Instructions for the task
For the entries below, the expected answer is the line with "Billing on behalf", the line with "Made from premium", and every line between them, exactly as written, and nothing more.

Records for processing
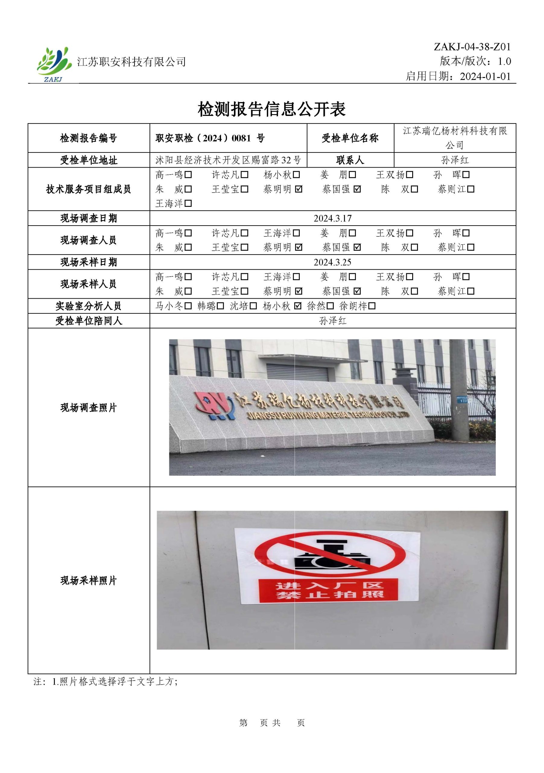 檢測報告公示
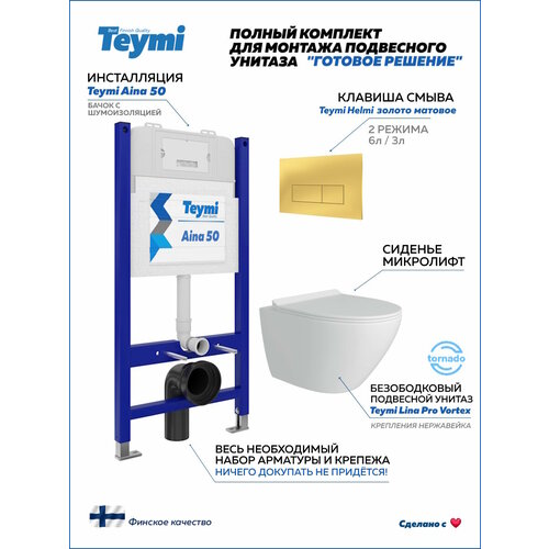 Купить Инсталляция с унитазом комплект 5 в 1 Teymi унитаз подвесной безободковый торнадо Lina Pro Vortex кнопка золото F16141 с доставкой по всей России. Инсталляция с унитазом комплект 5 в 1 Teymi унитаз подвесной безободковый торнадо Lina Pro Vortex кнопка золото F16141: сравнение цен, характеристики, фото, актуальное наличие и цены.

* * *

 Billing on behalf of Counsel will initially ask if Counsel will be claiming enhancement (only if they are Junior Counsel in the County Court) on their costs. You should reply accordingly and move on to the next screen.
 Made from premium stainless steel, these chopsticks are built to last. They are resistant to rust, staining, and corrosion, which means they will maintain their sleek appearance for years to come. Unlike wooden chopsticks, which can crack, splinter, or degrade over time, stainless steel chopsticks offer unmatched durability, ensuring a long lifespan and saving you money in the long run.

Solution
 Billing on behalf of Counsel will initially ask if Counsel will be claiming enhancement (only if they are Junior Counsel in the County Court) on their costs. You should reply accordingly and move on to the next screen.
 Made from premium stainless steel, these chopsticks are built to last. They are resistant to rust, staining, and corrosion, which means they will maintain their sleek appearance for years to come. Unlike wooden chopsticks, which can crack, splinter, or degrade over time, stainless steel chopsticks offer unmatched durability, ensuring a long lifespan and saving you money in the long run.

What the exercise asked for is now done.